History of public law

The distinction between public and private law was first made by Roman jurist Ulpian, who argues in the Institutes (in a passage preserved by Justinian in the Digest ) that "[p]ublic law is that which respects the establishment of the Roman commonwealth, private that which respects individuals' interests, some matters being of public and others of private interest." Furthermore, he defines public law as the law concerning religious affairs, the priesthood, and offices of the State. Roman Law conceived of the law as a series of relationships between persons and persons, persons and things, and persons and the State. Public law consisted of the latter of these three relationships. However, Roman lawyers devoted little attention to this area, and instead focussed largely on areas of private law. It was, however, of great importance in Teutonic society, as noted by German legal historian Otto von Gierke, who defined the Teutons as the fathers of public law.

Drawing a line between public and private law largely fell out of favor in the ensuing millennium, though, as Ernst Kantorowicz notes, Medieval saw a concern with the Roman conception of the res publica inherent in the legal fiction of the king's two bodies. However, legal philosophers during this period consisted largely of theologians who operated within the realm of Canon Law, and were instead concerned with distinctions between divine law, natural law, and human law. The "public/private" divide in law would not return until the 17th and 18th centuries. Through the emergence of the nation-state and new theories of sovereignty, notions of a distinctly public realm began to crystalize. However, the claims made by monarchs, and later parliaments, to an unrestrained power to make law spurred attempts to establish a distinctly private sphere that would be free from encroaching State power in return.
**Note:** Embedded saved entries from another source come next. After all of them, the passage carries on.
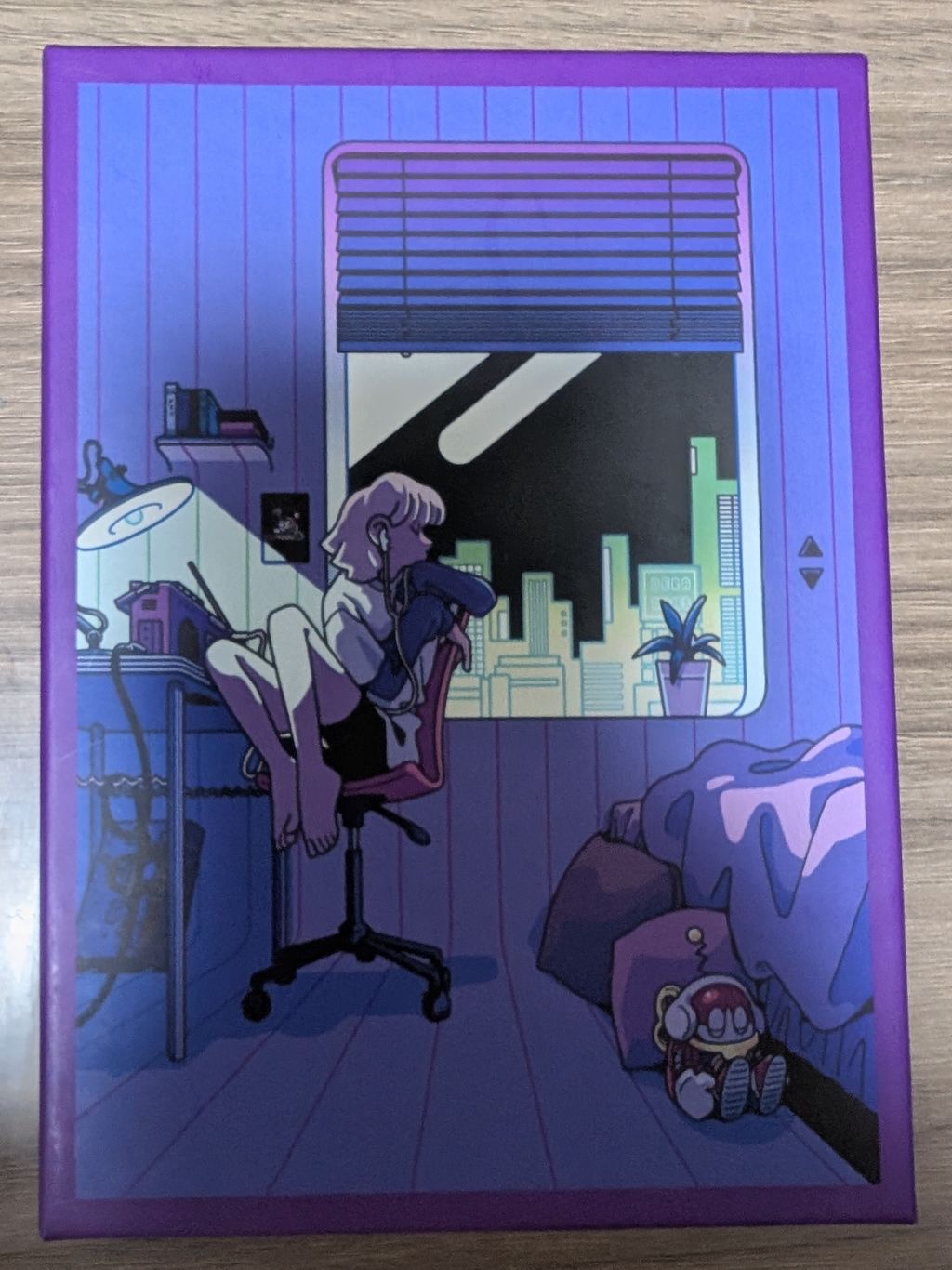 ラジオを置いた机の前に座る少女。静かな夜を連想させてくれます。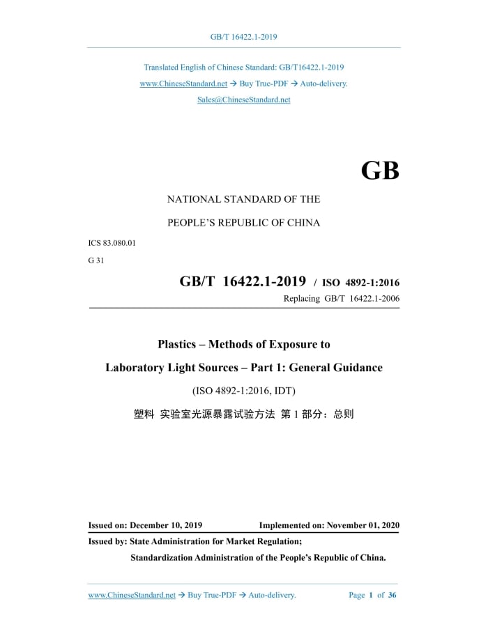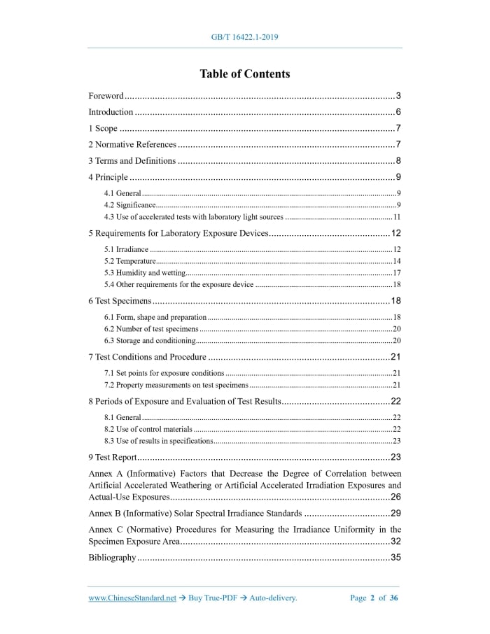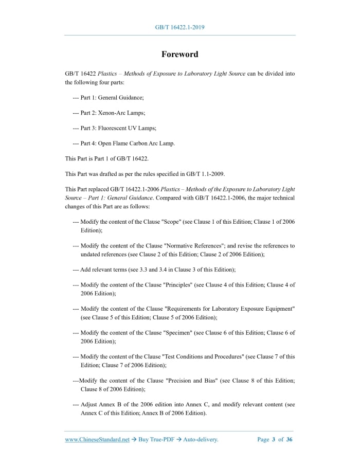 Similar standardsGB/T 16422.1-2019: Plastics -- Methods of exposure to laboratory light sources -- Part 1: General guidance---This is an excerpt. Full copy of true-PDF in English version (including equations, symbols, images, flow-chart, tables, and figures etc.), auto-downloaded/delivered in 9 seconds, can be purchased online: https://www.ChineseStandard.net/PDF.aspx/GBT16422.1-2019 GB NATIONAL STANDARD OF THE PEOPLE’S REPUBLIC OF CHINA ICS 83.080.01 G 31 GB/T 16422.1-2019 / ISO 4892-1:2016 Replacing GB/T 16422.1-2006 Plastics – Methods of Exposure to Laboratory Light Sources – Part 1: General Guidance (ISO 4892-1:2016, IDT) ISSUED ON: DECEMBER 10, 2019 IMPLEMENTED ON: NOVEMBER 01, 2020 Issued by: State Administration for Market Regulation; Standardization Administration of the People’s Republic of China. Table of ContentsForeword ... 3 Introduction ... 6 1 Scope ... 7 2 Normative References ... 7 3 Terms and Definitions ... 8 4 Principle ... 9 4.1 General ... 9 4.2 Significance ... 9 4.3 Use of accelerated tests with laboratory light sources ... 11 5 Requirements for Laboratory Exposure Devices ... 12 5.1 Irradiance ... 12 5.2 Temperature ... 14 5.3 Humidity and wetting ... 17 5.4 Other requirements for the exposure device ... 18 6 Test Specimens ... 18 6.1 Form, shape and preparation ... 18 6.2 Number of test specimens ... 20 6.3 Storage and conditioning... 20 7 Test Conditions and Procedure ... 21 7.1 Set points for exposure conditions ... 21 7.2 Property measurements on test specimens ... 21 8 Periods of Exposure and Evaluation of Test Results ... 22 8.1 General ... 22 8.2 Use of control materials ... 22 8.3 Use of results in specifications ... 23 9 Test Report ... 23 Annex A (Informative) Factors that Decrease the Degree of Correlation between Artificial Accelerated Weathering or Artificial Accelerated Irradiation Exposures and Actual-Use Exposures ... 26 Annex B (Informative) Solar Spectral Irradiance Standards ... 29 Annex C (Normative) Procedures for Measuring the Irradiance Uniformity in the Specimen Exposure Area ... 32 Bibliography ... 35ForewordGB/T 16422 Plastics – Methods of Exposure to Laboratory Light Source can be divided into the following four parts: --- Part 1: General Guidance; --- Part 2: Xenon-Arc Lamps; --- Part 3: Fluorescent UV Lamps; --- Part 4: Open Flame Carbon Arc Lamp. This Part is Part 1 of GB/T 16422. This Part was drafted as per the rules specified in GB/T 1.1-2009. This Part replaced GB/T 16422.1-2006 Plastics – Methods of the Exposure to Laboratory Light Source – Part 1: General Guidance. Compared with GB/T 16422.1-2006, the major technical changes of this Part are as follows: --- Modify the content of the Clause "Scope" (see Clause 1 of this Edition; Clause 1 of 2006 Edition); --- Modify the content of the Clause "Normative References"; and revise the references to undated references (see Clause 2 of this Edition; Clause 2 of 2006 Edition); --- Add relevant terms (see 3.3 and 3.4 in Clause 3 of this Edition); --- Modify the content of the Clause "Principles" (see Clause 4 of this Edition; Clause 4 of 2006 Edition); --- Modify the content of the Clause "Requirements for Laboratory Exposure Equipment" (see Clause 5 of this Edition; Clause 5 of 2006 Edition); --- Modify the content of the Clause "Specimen" (see Clause 6 of this Edition; Clause 6 of 2006 Edition); --- Modify the content of the Clause "Test Conditions and Procedures" (see Clause 7 of this Edition; Clause 7 of 2006 Edition); ---Modify the content of the Clause "Precision and Bias" (see Clause 8 of this Edition; Clause 8 of 2006 Edition); --- Adjust Annex B of the 2006 edition into Annex C, and modify relevant content (see Annex C of this Edition; Annex B of 2006 Edition). This part used the translation method to equivalently adopt ISO 4892-1:2016 Plastics – Methods of Exposure to Laboratory Light Sources – Part 1: General Guidance. The Chinese documents that have consistent correspondence with the international documents cited in this Part are as follows: --- GB/T 2918-2018 Plastics - Standard Atmospheres for Conditioning and Testing (ISO 291:2008, MOD); --- GB/T 9352-2008 Plastic - Compression Molding of Test Specimens of Thermoplastic Materials (ISO 293:2004, IDT); --- GB/T 17037.1-2019 Plastics - Injection Molding of Test Specimens of Thermoplastic Materials - Part 1: General Principles, and Molding of Multipurpose and Bar Test Specimens (ISO 294-1:2017, MOD); --- GB/T 17037.3-2003 Plastics - Injection Molding of Test Specimens of Thermoplastic Materials - Part 3: Small Plates (ISO 294-3:2002, IDT); --- GB/T 5471-2008 Plastics - Compression Molding of Test Specimens of Thermosetting Materials (ISO 295:2004, IDT); --- GB/T 11997-2008 Plastic - Multipurpose Test Specimens (ISO 3617:2002, IDT); --- GB/T 15596-2009 Plastics - Determination of Changes in Color and Variations in Properties after Exposure to Daylight under Glass, Natural Weathering or Laboratory Light Sources (ISO 4582:2007, IDT); --- GB/T 16422.2-2014 Plastics – Methods of Exposure to Laboratory Light Sources - Part 2: Xenon-Arc Sources (ISO 4892-2:2006, IDT); --- GB/T 16422.3-2014 Plastics - Methods of Exposure to Laboratory Light Sources - Part 3: Fluorescent UV Lamps (ISO 4892-3:2006, IDT); --- GB/T 16422.4-2014 Plastics - Methods of Exposure to Laboratory Light Sources - Part 4: Open-Flame Carbon-Arc Lamps (ISO 4892-4:2004, IDT). This Part was proposed by China Petroleum and Chemical Industry Federation. This Part shall be under the jurisdiction of National Technical Committee on Plastics of Standardization Administration of China (SAC/TC 15). Drafting organizations of this Part: Guangzhou Synthetic Materials Research Institute Co., Ltd.; Tianjin Kingfa Advanced Materials Co., Ltd.; Beijing Tiangang Auxiliary Co., Ltd.; Shandong Eco-Benign Plastics Technology Co., Ltd.; Atlas Material Testing Technology Co., Ltd.; and Xinjiang Turpan Natural Environment Test and Research Center. Plastics – Methods of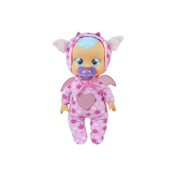 Пупс одет в плюшевую пижаму в виде дракона с рогами и ушами на капюшоне и крыльями с хвостом на спине. Рисунок ткани имитирует фиолетовую чешую. В комплекте специальная пластиковая соска.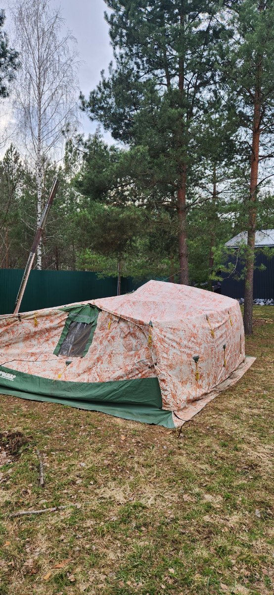 Я пока по поводу покупки новых трубок с отделом продаж не связывался. И пока хочу продать как есть эту палатку. Цену вижу с хорошим дисконтом (как мне кажется) 30000 р. У кого руки на месте, поправить шпангоуты и заменить трубки труда не составит. В стоимость входит палатка, пристяжной пол, правда он судя по всему от другой палатки, наверное от 34-й, потому что один пролет земля открыта, теплый пол. Из минусов: теплый пол и пристяжной имеют прожоги, внутренний тент внутри имеет пятна, сумка имеет запах мочи котЭ. Может кому-то это и не минусы) Кто-то об этом и не говорит при продаже) Опять же, если я цену завысил, готов рассматривать предложения. А если таковых не будет, придется восстанавливать и пользоваться самому.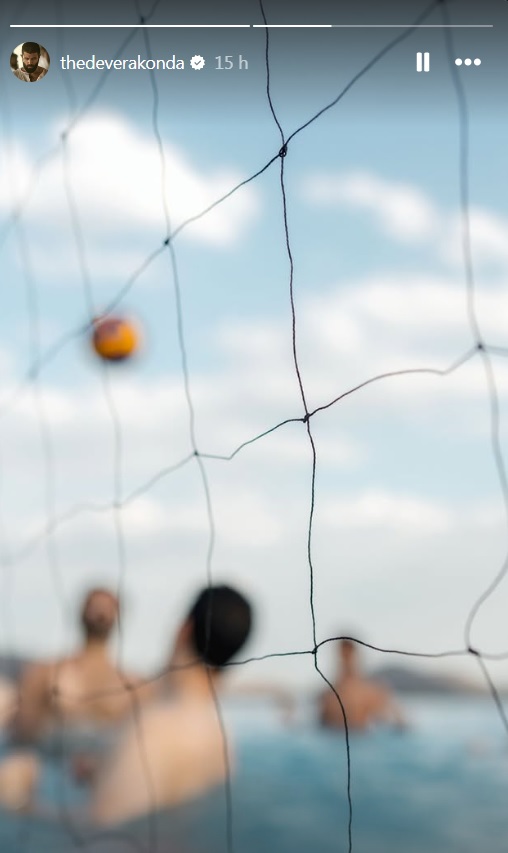 सिर्फ रश्मिका ही नहीं विजय देवरकोंडा ने भी वॉलीबॉल नेट पर फोकस किया है। इसमें खिलाड़ी पानी में और गेंद हवा में नजर आ रही है।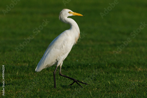Cattle Egret on green grass field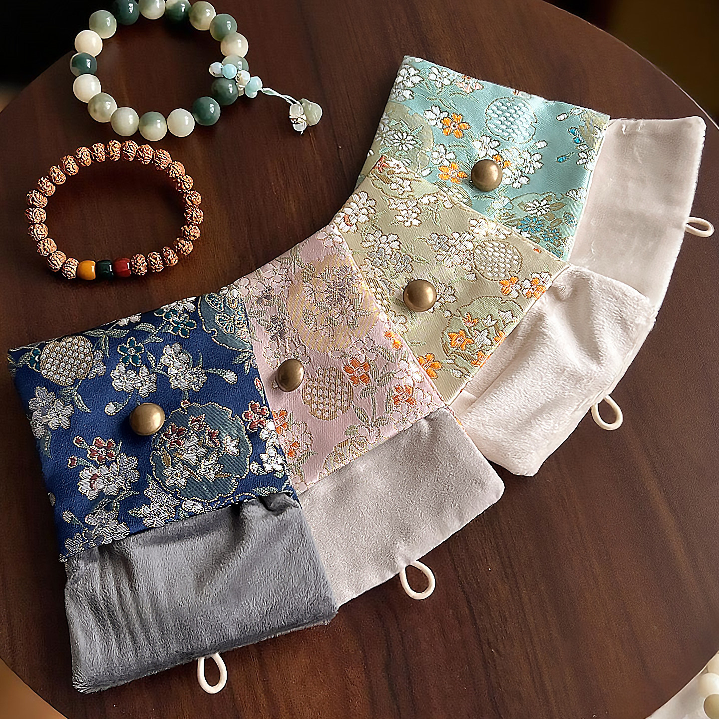 首饰收纳袋高档刺绣纽扣翻口绒布袋织锦手镯手串珠宝首饰收纳袋子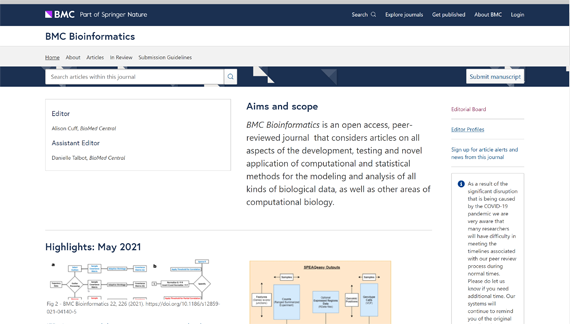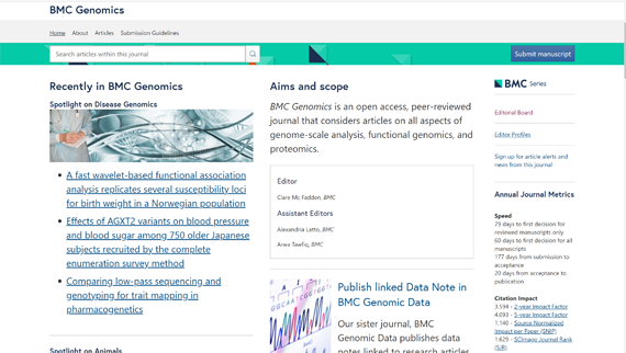 BMC出版集团是施普林格∙自然旗下机构,不断推出一系列高质量的同行评议期刊,包括BMC Biology、BMC Medicine等涵盖范围较广的期刊,以及Malaria Journal、Microbiome和BMC系列期刊等专门刊物。BMC以“科研永不止步”为信条,致力于不断创新,以更好地满足作者群体的需要,确保所发表论文的完整性,并积极推广开放研究。BMC Genomics影响因子为3.594,JCR 2区,中科院2区。BMC Bioinformatics影响因子为3.242,JCR 2区,中科院3区。其中BMC Bioinformatics是中国计算机学会C类推荐期刊。此次赵琪教授担任两刊编委是时博足球_时博(中国)计算机学院在职教师在中国计算机学会推荐期刊任职的突破。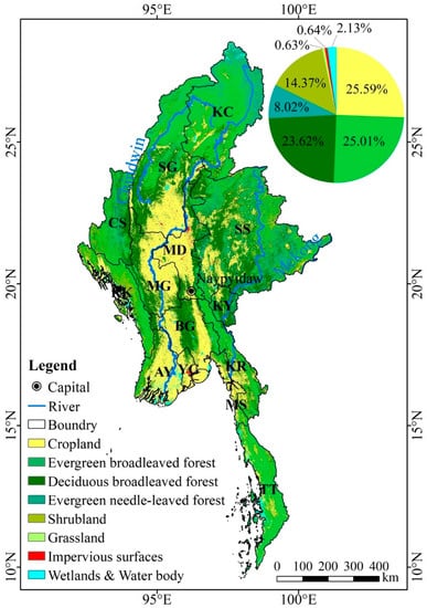 We downloaded the GLC_FCS30 dataset for the study from the China Earth Big Data Science Project Data Sharing Service (https://data.casearth.cn/, accessed on 30 October 2022). The spatial resolution of this dataset is 30 meters. It covers the period 1985–2020. Among them, every 5 years is 1 time period. It has a total of 8 time periods []. There are two levels of land cover types. Among them, there are 9 first-level types and 30 second-level types (Table 1), with classification accuracies of 82.5% and 68.7%, respectively []. There are 22 second-class land types in Myanmar (Table 2). In Myanmar, forests cover more than half of the total area of the country. We would like to study it in more detail and conclude the distribution and changes of each specific type of forest in Myanmar. So, only forests used Tier 2 land types in the study. All other land types used Tier 1 land types. The areas of bare areas and permanent snow and ice were extremely small. We merged bare areas into grasslands. We merged permanent snow and ice into wetlands & water bodies.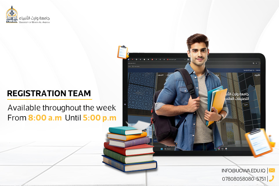 📍 The University of Warith Al-Anbiyaa registration team is available daily from 8:00 AM to 5:00 PM to assist you in completing the current steps and to answer any questions regarding the application process, colleges, and departments.
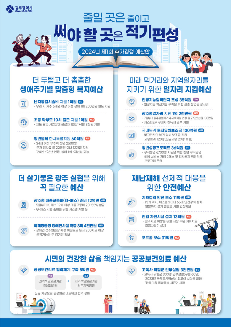 - 촘촘한 복지·일자리·안전 등 ‘더 좋은 광주’ 실현 예산 반영 [광주 세계타임즈=손권일 기자] 광주광역시(시장 강기정)는 2024년도 제1회 추가경정예산안 8727억원을 편성해 18일 광주광역시의회에 제출했다.
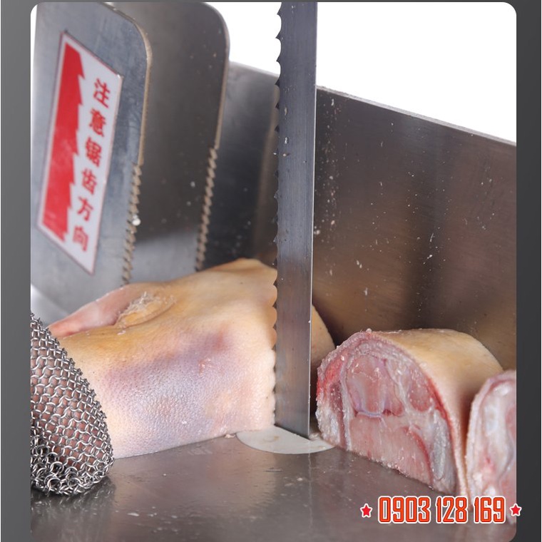 Lưu ý không sử dụng để cưa các sản phẩm thịt có lẫn xương chưa được đông cứng hẳn (sườn tấm, giò heo, cá...) làm giảm tuổi thọ của lưỡi. Tất cả nguyên liệu khi cho vào máy cưa xương cắt thì càng cứng càng tốt để tăng hiệu suất cắt, hạn chế đứt lưỡi cưa.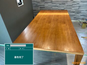 テーブル塗装をさせて頂きました!木材も時間が経つと細かい木が出てきて、ざらざらした感覚になります。やすりで凹凸をなくした後着色すると、新品のようになりました!
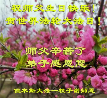 弟子用尽人间的语言也表达不了对师父感恩,弟子只有多学法,多向内找修好自己,多去执着心,做好三件事,圆容好整体。 黑龙江省佳木斯市汤原县大法弟子恭祝世界法轮大法日!恭祝伟大师尊生日快乐!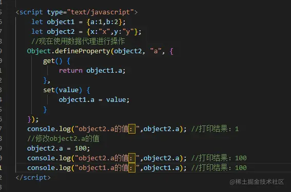 现在我们正式进入vue的数据代理。 首先我们需要清楚数据代理的概念:通过一个对象代理对另一个对象中属性的读写操作。 例如我们定义有object1和object2两个对象,其中object1={a:1,b:2},现在我们使用object2去读取和写入object1中的a、b属性,这个过程就是数据代理。具体的代码如下: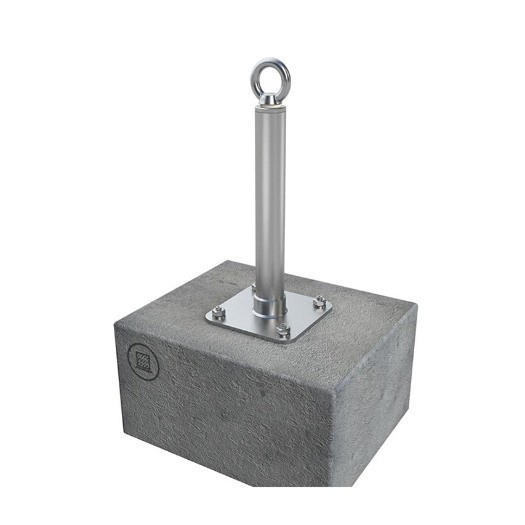 Der ABS-Lock X-SR-AS ist vollkommen aus witterungsbeständigem Edelstahl gefertigt und mit einem verschweißten Stützrohr verstärkt. So hält der Anschlagpunkt der wiederholten Belastung durch das Abseilen 1 Person problemlos stand. Die Montage am Untergrund erfolgt über eine Grundplatte, die mit 4 Einschlagdübel am Betonuntergrund verankert wird. Die Anker müssen dabei mindestens 70 mm tief in einer Betonschicht mit einer Mindeststärke von 120 mm befestigt werden.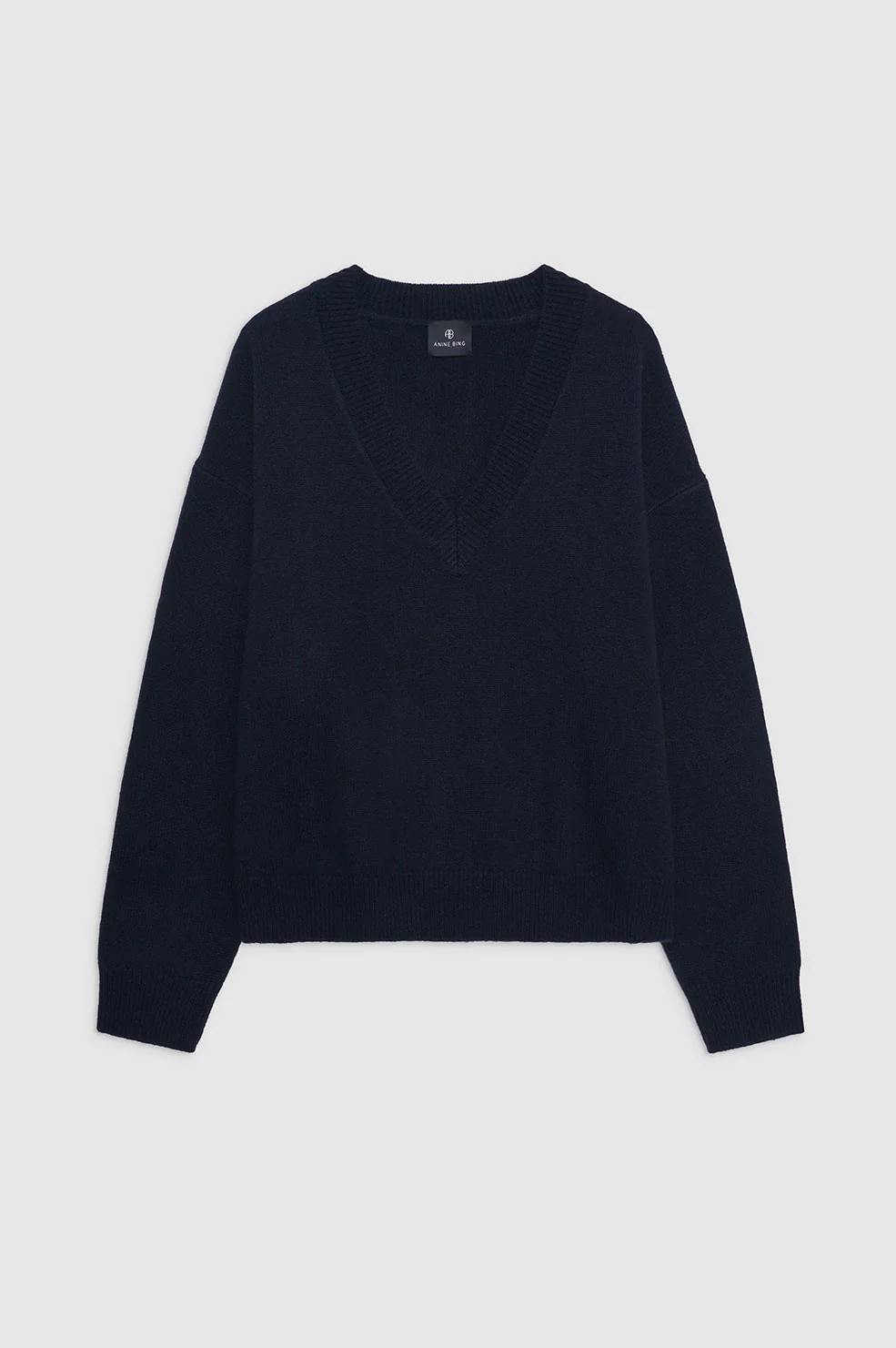 The Lee Sweater is a boxy, oversized knit featuring an exaggerated deep V-neckline. This effortless layer is crafted in midweight, ultra-soft 100% cashmere in deep navy.

Public law in civil law and common law jurisdictions

Traditionally, the division between public and private law has been made in the context of the legal systems found in Continental Europe, whose laws all fall within the tradition of civil law. However, the public/private divide does not apply strictly to civil law systems. Given public law's emphasis on aspects of the State that are true of all systems of government and law, common law legal systems acknowledge, even if they do so unconsciously, that actions which must be prohibited by the State need not necessarily be prohibited for private parties as well. As such, legal scholars commenting on common law systems, such as England and Canada, have made this distinction as well.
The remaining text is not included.